Through this outreach, one of the greatest lessons for Regent Park Community Health Centre is recognizing that despite our longstanding priority to expand access to Black health, there is still more work to be done. When the IPCT team began working with early adopter organizations, one of the gifts we received was the opportunity of engaging in honest conversations about building trust and partnering on anti-Black racism, Afro-centric care, and Islamophobia training. Initially, we envisioned this training just for the IPCT, but to achieve IPCT’s broader goal, which is embedding care for unattached clients into the larger system, it is important for Regent Park to extend this training throughout our organization.
Given the increasing challenges in resources and capacity within the primary care sector, how can we support the long-term growth and sustainability of programs like the IPCT?
Maryam Ebrahimpour: One of the challenges is the limitation imposed by short-term and restricted funding. It puts a ceiling on our imagination, potential to innovate, and how far we can advance these initiatives. When funding is time-bound or project-specific, it does a disservice to the communities we serve. We invest time in building something, establishing trust, engaging communities, and encouraging them to utilize services. But when the funding ends, those services are withdrawn, creating a cycle of broken promises and eroded trust.

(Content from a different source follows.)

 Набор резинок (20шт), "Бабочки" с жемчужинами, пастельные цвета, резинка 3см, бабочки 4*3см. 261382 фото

Sustainability, at its core, requires a commitment to developing an integrated model that connects partnerships, systems, and the community itself. I think a huge undertaking like this requires a long runway. A robust framework for evaluation and research must also be built into the process, ensuring that findings inform dialogue about stable, long-term funding. This is not a one- or two-year endeavor but a project that must span several years to truly succeed.
In conclusion, would you like to add something or share a key takeaway from our conversation?

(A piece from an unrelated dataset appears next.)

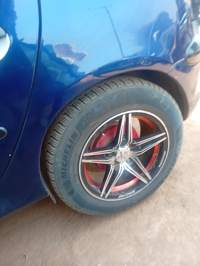 The image displays a close-up view of the rear passenger-side wheel and body panel of a dark blue vehicle. The vehicle's metallic paint finish reflects ambient light, with a localized scuff or abrasion visible on the rear quarter panel above the tire. The wheel consists of a Michelin Alpine tire, displaying 'Johnson Racing' text on its sidewall, mounted on a five-spoke alloy rim. The spokes are dark with polished accents, and the inner barrel of the rim is distinctively red. The vehicle is situated on an unpaved surface composed of reddish-brown soil. No individuals, specific actions, or definitive landmarks are present to precisely identify the location within Abuja, Nigeria; however, the ground type is common in unpaved areas of the city.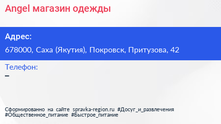Angel, магазин одежды по адресу 678000, Саха (Якутия), Покровск, Притузова, 42 в дальнейшем Организация, размещена в следующих категориях:

Maryam Ebrahimpour: At the Regent Park Community Health Centre, we are excited to be going through this journey, learning the lessons, making mistakes, and getting up and doing it again. We hope that this is not a time-limited project, and that we can truly see this vision being incorporated into the larger picture of the other work that we do.
*The IPCT Program is a primary care initiative of DET OHT, aiming to enhance access and attachment to interprofessional, team-based primary care for individuals in Downtown East Toronto experiencing significant financial and social barriers. These populations include people experiencing housing insecurity, 2SLGBTQIA+ community, refugees, people with disabilities, and individuals who use drugs. The program places a specific emphasis on addressing the unique needs of Indigenous and Black communities.
Currently in its initial launch phase, the four primary care providers are collaborating closely with their referring community partner organizations to establish a strong foundation for success.